▸ **PROMPT**
The answer is the data below, repeated exactly, with no pictures included.

(Beginning of SOURCE MATERIAL)

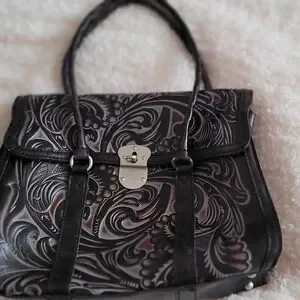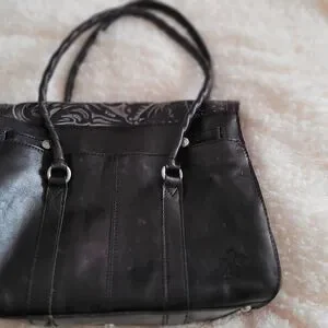 Patricia Nash Black Shoulder Bag with Elegant Silver Accents
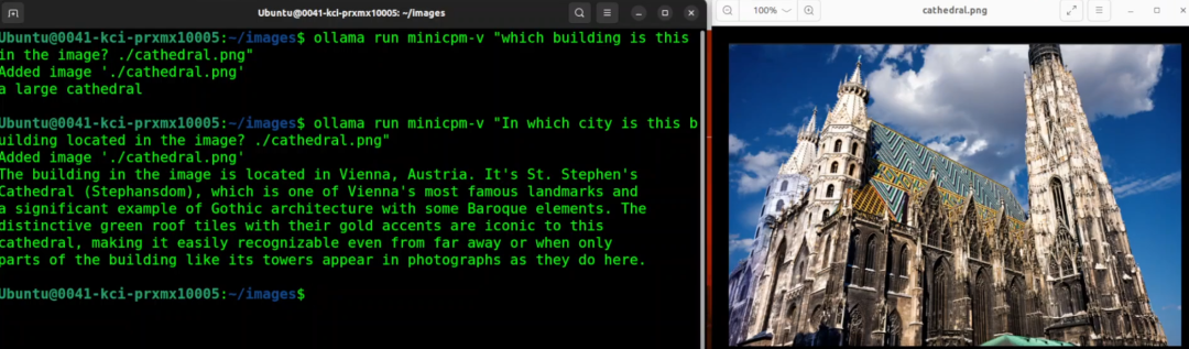 模型识别出了这是一座大教堂,当我进一步询问建筑的地点时,它正确地回答这是位于奥地利维也纳的圣斯蒂芬大教堂。
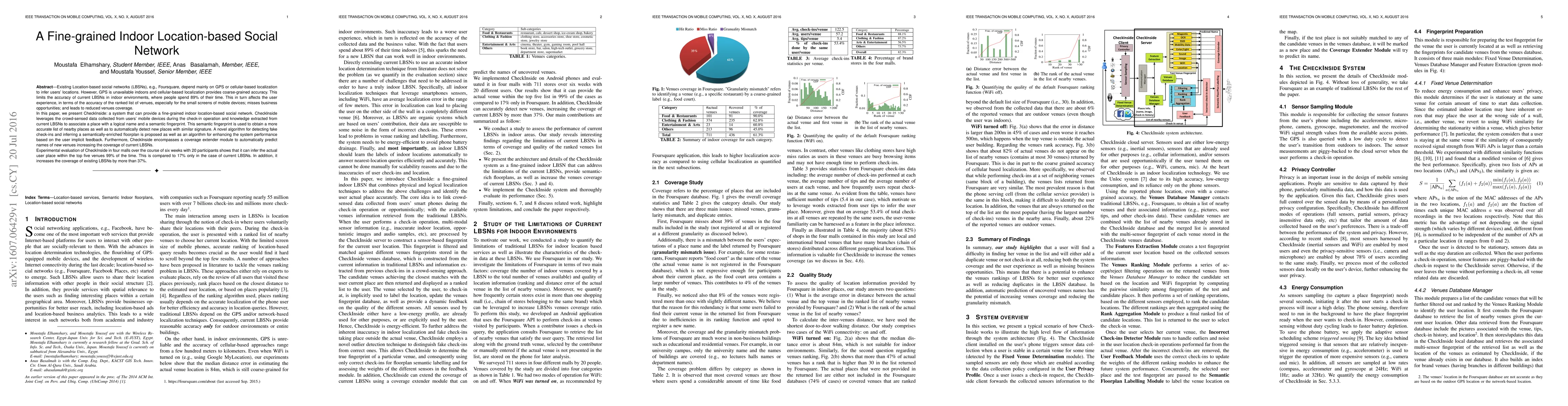 A new system called CheckInside provides a fine-grained indoor location-based social network by leveraging crowd-sensed data and semantic fingerprints to improve accuracy and coverage of existing Location-based Social Networks.
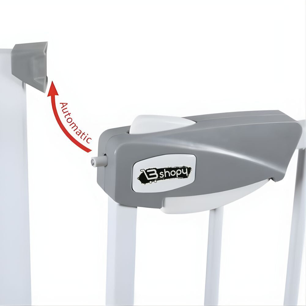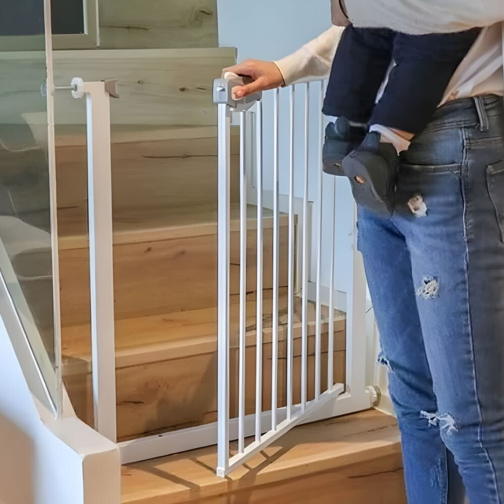 A kapu megakadályozza, hogy a gyermek veszélyes területre kerüljön, például lépcsők tetejére vagy aljára. A stabil fém szerkezet és a reteszelőrendszer garantálja a biztonságos használatot. - Dupla biztonsági zár

(End of SOURCE MATERIAL)

▸ **REPLY TO THE EXERCISE**
 Patricia Nash Black Shoulder Bag with Elegant Silver Accents
 模型识别出了这是一座大教堂,当我进一步询问建筑的地点时,它正确地回答这是位于奥地利维也纳的圣斯蒂芬大教堂。
 A new system called CheckInside provides a fine-grained indoor location-based social network by leveraging crowd-sensed data and semantic fingerprints to improve accuracy and coverage of existing Location-based Social Networks.
 A kapu megakadályozza, hogy a gyermek veszélyes területre kerüljön, például lépcsők tetejére vagy aljára. A stabil fém szerkezet és a reteszelőrendszer garantálja a biztonságos használatot. - Dupla biztonsági zár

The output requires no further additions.